WHAT THE TASK REQUIRES:
Wherever a line below holds the word "were", copy that line.

RECORDS FOR THIS TASK:
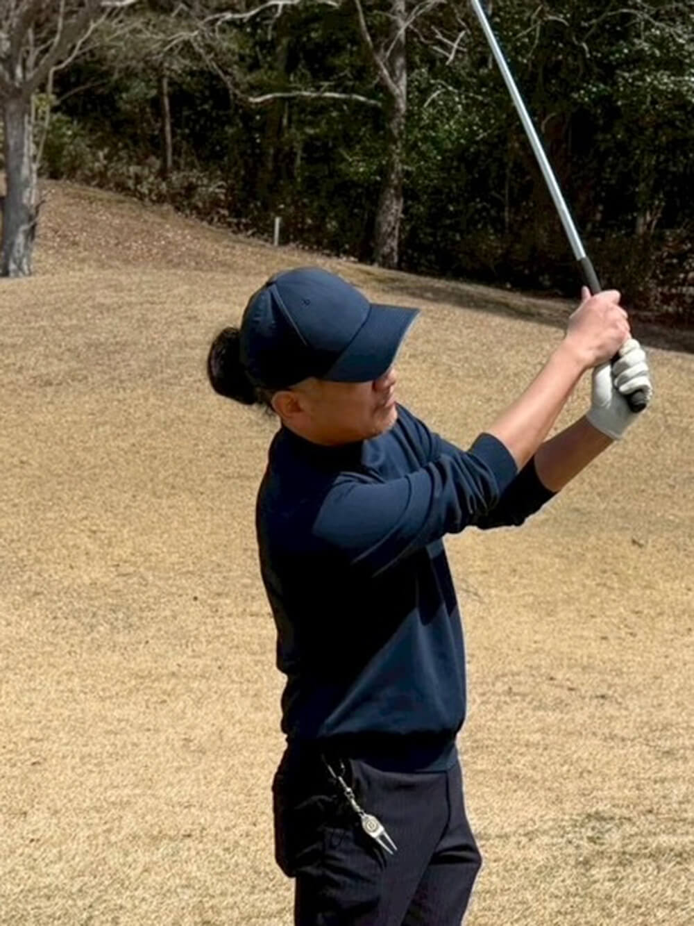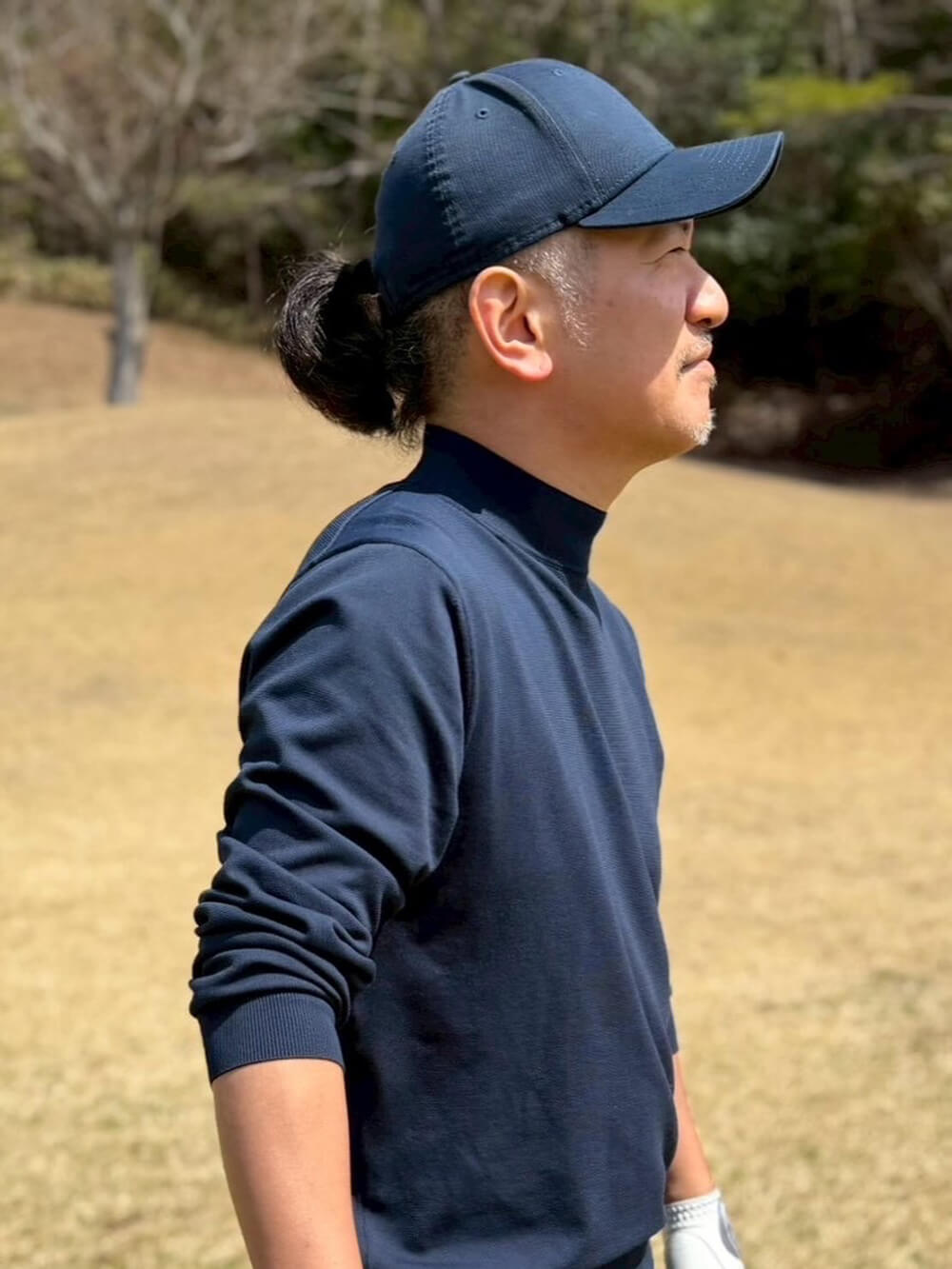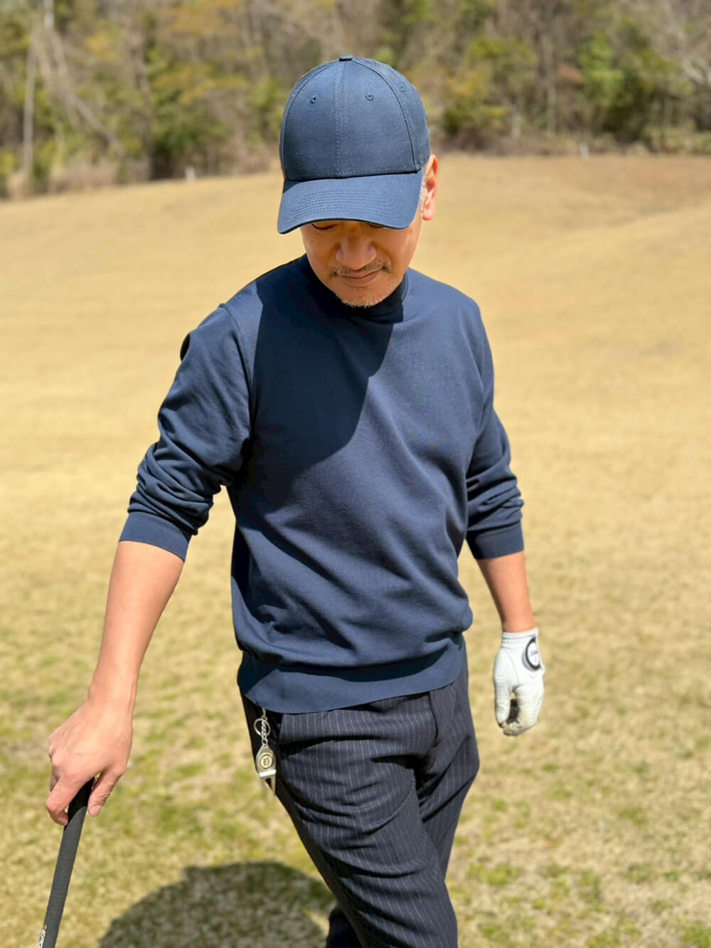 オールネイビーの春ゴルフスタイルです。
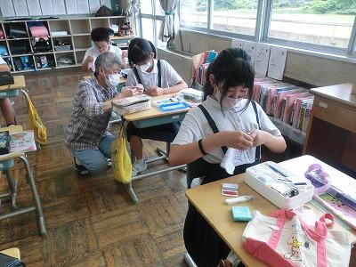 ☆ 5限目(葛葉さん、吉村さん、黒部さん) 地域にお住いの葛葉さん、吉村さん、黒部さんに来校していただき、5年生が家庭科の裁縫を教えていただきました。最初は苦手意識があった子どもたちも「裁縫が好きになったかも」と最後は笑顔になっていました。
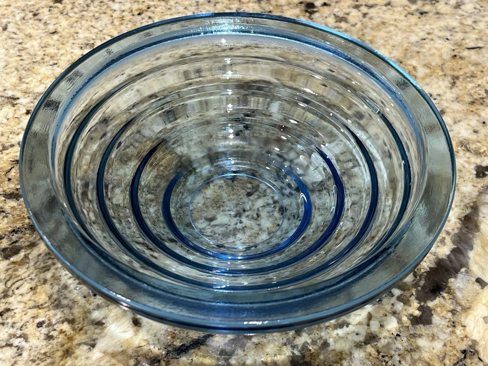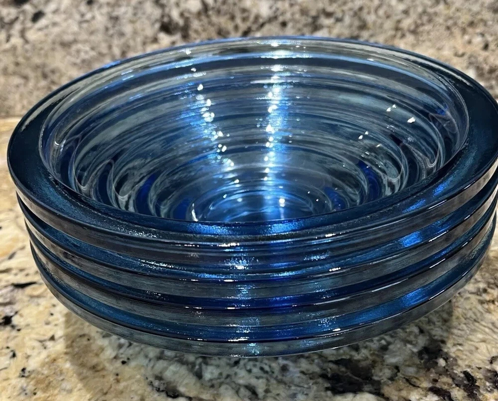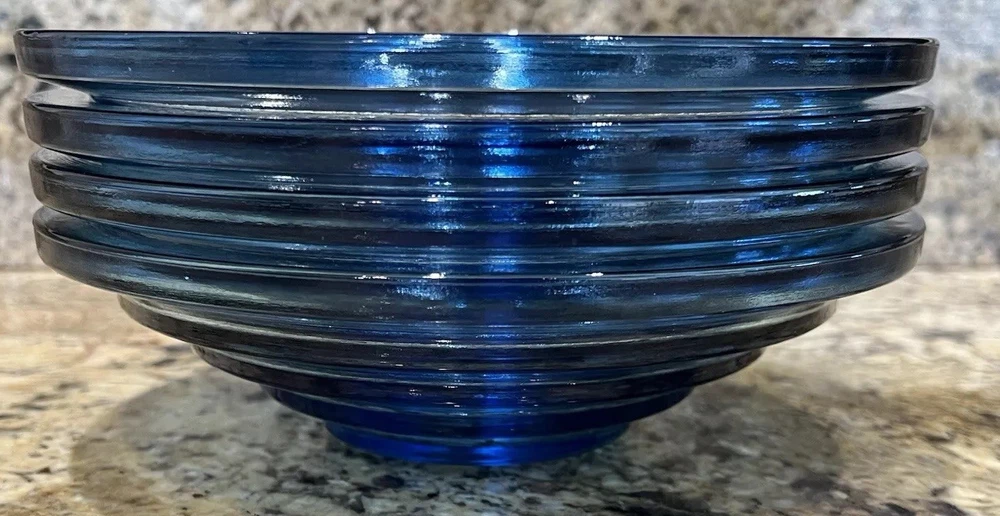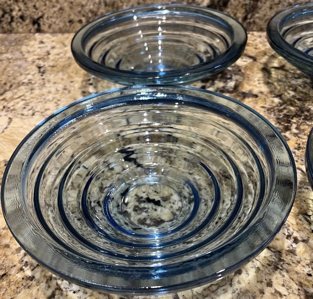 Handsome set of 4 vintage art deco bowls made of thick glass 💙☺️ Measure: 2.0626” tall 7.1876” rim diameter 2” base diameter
--
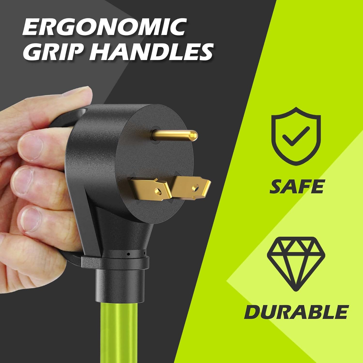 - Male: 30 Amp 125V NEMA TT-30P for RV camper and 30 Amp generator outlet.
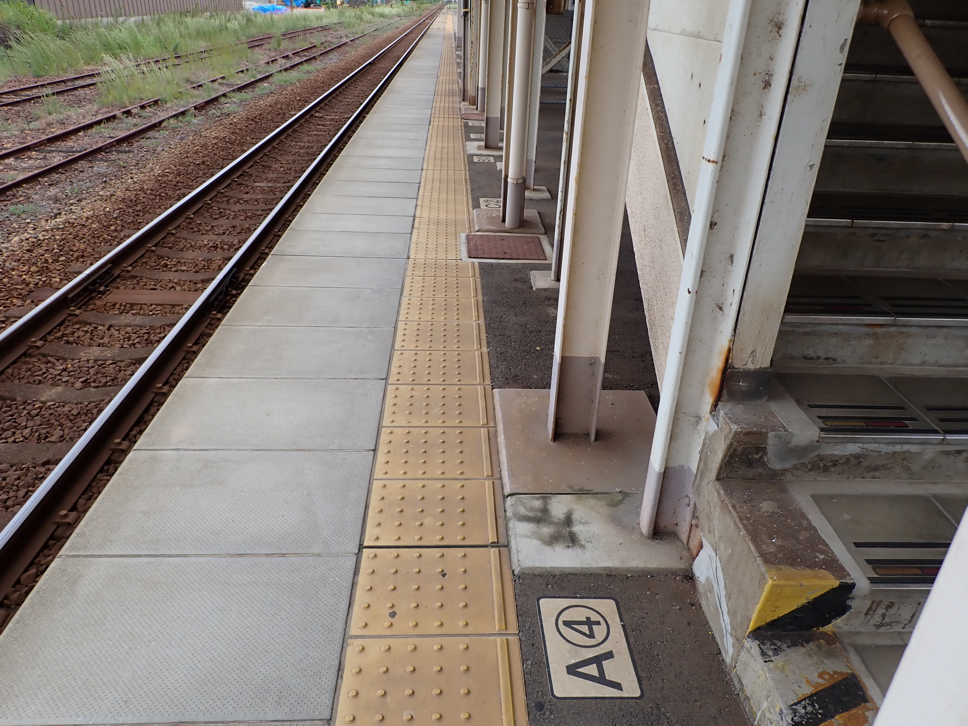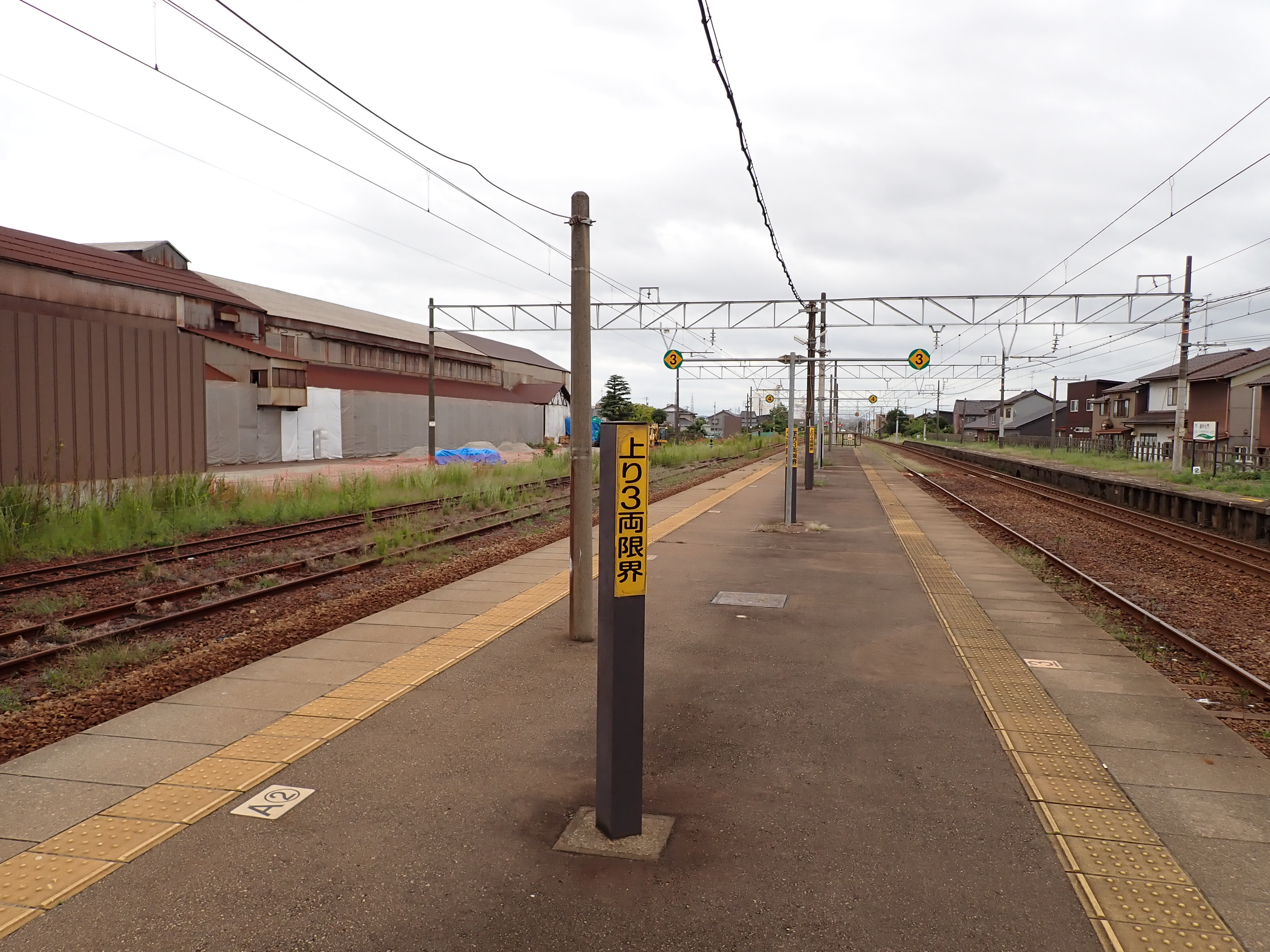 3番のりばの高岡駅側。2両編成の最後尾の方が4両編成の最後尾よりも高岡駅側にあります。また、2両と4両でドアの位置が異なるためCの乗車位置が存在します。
...
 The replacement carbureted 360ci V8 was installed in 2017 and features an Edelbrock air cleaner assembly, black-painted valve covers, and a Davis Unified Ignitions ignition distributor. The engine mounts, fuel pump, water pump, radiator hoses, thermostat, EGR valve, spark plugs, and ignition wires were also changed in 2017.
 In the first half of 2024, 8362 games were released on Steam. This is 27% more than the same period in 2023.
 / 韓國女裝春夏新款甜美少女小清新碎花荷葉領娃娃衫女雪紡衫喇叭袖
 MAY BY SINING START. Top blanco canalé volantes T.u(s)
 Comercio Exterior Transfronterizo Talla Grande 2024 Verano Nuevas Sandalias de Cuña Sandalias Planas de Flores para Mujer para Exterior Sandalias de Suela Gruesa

OUTPUT:
 The replacement carbureted 360ci V8 was installed in 2017 and features an Edelbrock air cleaner assembly, black-painted valve covers, and a Davis Unified Ignitions ignition distributor. The engine mounts, fuel pump, water pump, radiator hoses, thermostat, EGR valve, spark plugs, and ignition wires were also changed in 2017.
 In the first half of 2024, 8362 games were released on Steam. This is 27% more than the same period in 2023.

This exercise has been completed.